You can find an additional example using de novo OTU picking in 454 Overview Tutorial: de novo OTU picking and diversity analyses using 454 data.
With uclust:
pick_closed_reference_otus.py -i $PWD/seqs.fna -o $PWD/cr_uc/ -r $reference_seqs -t $reference_tax
With usearch61:
pick_closed_reference_otus.py -i $PWD/seqs.fna -o $PWD/cr_us/ -r $reference_seqs -t $reference_tax -p $PWD/usearch_ref_params.txt
where the following information is in usearch_ref_params.txt:
pick_otus:otu_picking_method usearch61_ref
The key output file is otu_table.biom, the OTU table. Note that there is no phylogenetic tree generated in this protocol - as all OTUs are defined by reference sequences, it is assumed that a tree already exists (which would likely be better than the one generated here).
With uclust:
pick_open_reference_otus.py -i seqs.fna -o or_uc/ -r $reference_seqs
With usearch61:
pick_open_reference_otus.py -i seqs.fna -o or_us/ -r $reference_seqs -m usearch61
The key output files are otu_table.biom, the OTU table, and rep_set.tre, the phylogenetic tree relating the OTUs in the OTU table.
You can find an additional example using open-reference OTU picking in Illumina Overview Tutorial (an IPython Notebook): open reference OTU picking and core diversity analyses.

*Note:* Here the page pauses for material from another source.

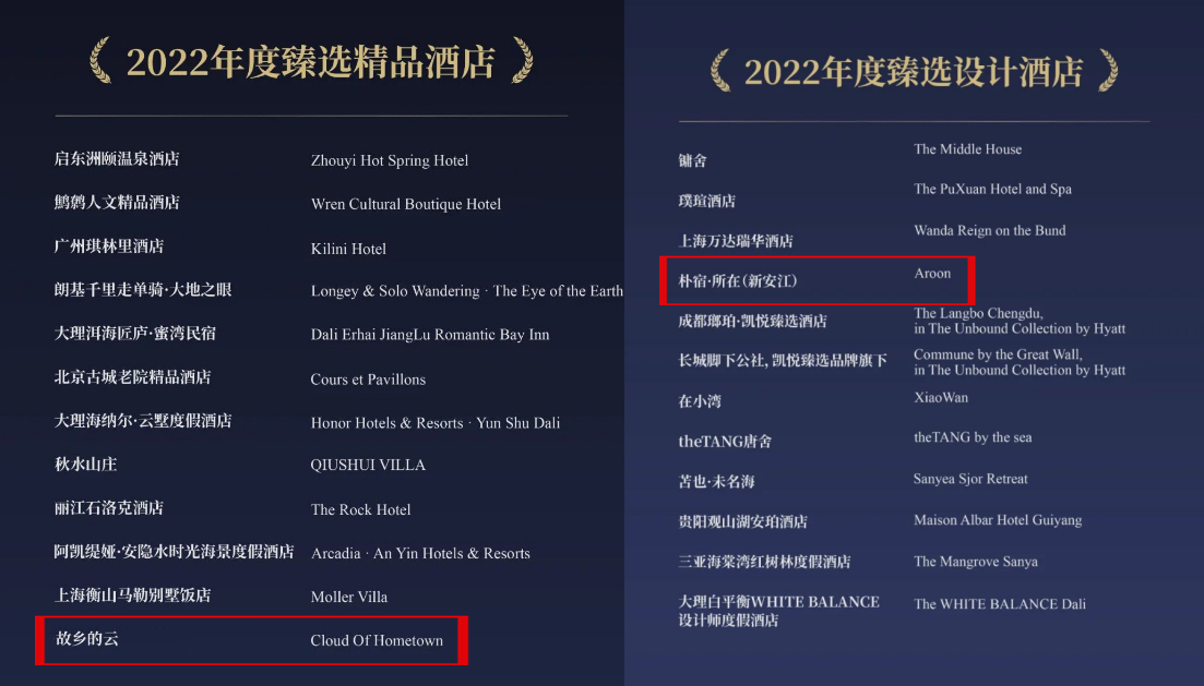 近日,2022年度第六届HOTEL探索之旅酒店大赏颁奖典礼在上海举行,山乡集团两项目获奖。位于泰山·九女峰乡村振兴示范区的“故乡的云”高端野奢度假酒店入选“2022年度臻选精品酒店”,位于杭州之江乡村度假区的朴宿·所在(新安江)精品度假酒店入选“2022年度臻选设计酒店”。

If you’re interested only in dereplicated sequences as your OTU picking process, that is a special case of de novo clustering where the similarity threshold is 100%. To achieve that you can do the following.
With uclust:
pick_de_novo_otus.py -i $PWD/seqs.fna -o $PWD/derep_uc/ -p $PWD/uclust_dereplication_params.txt
where the following is in $PWD/uclust_dereplication_params.txt:
pick_otus:similarity 1.0
With usearch61:
pick_de_novo_otus.py -i $PWD/seqs.fna -o $PWD/derep_us/ -p $PWD/usearch_dereplication_params.txt
where the following information is in usearch_dereplication_params.txt:
pick_otus:otu_picking_method usearch61
pick_otus:similarity 1.0
If you’re interested in running the usearch OTU pickers in size-order mode (meaning that accepts are prioritized by the size of the cluster rather than the percent identity), add the following lines to a parameters file:
pick_otus:sizeorder True
pick_otus:maxaccepts 16
pick_otus:maxrejects 64
For example, in de novo mode:
pick_de_novo_otus.py -i $PWD/seqs.fna -o $PWD/dn_us_sizeorder/ -p $PWD/dn_sizeorder_params.txt
where the following information is in dn_sizeorder_params.txt:
pick_otus:otu_picking_method usearch61
pick_otus:sizeorder True
pick_otus:max_accepts 16
pick_otus:max_rejects 64
In closed-reference mode:
pick_closed_reference_otus.py -i $PWD/seqs.fna -o $PWD/cr_us_sizeorder/ -r $reference_seqs -t $reference_tax -p $PWD/cr_sizeorder_params.txt
where the following information is in cr_sizeorder_params.txt:
pick_otus:otu_picking_method usearch61_ref
pick_otus:sizeorder True
pick_otus:max_accepts 16
pick_otus:max_rejects 64
In open-reference mode:
pick_open_reference_otus.py -i seqs.fna -o or_us_sizeorder/ -r $reference_seqs -m usearch61 -p $PWD/or_sizeorder_params.txt
where the following information is in or_sizeorder_params.txt:
pick_otus:sizeorder True
pick_otus:max_accepts 16
pick_otus:max_rejects 64
If using these tools you should cite both QIIME and usearch or uclust.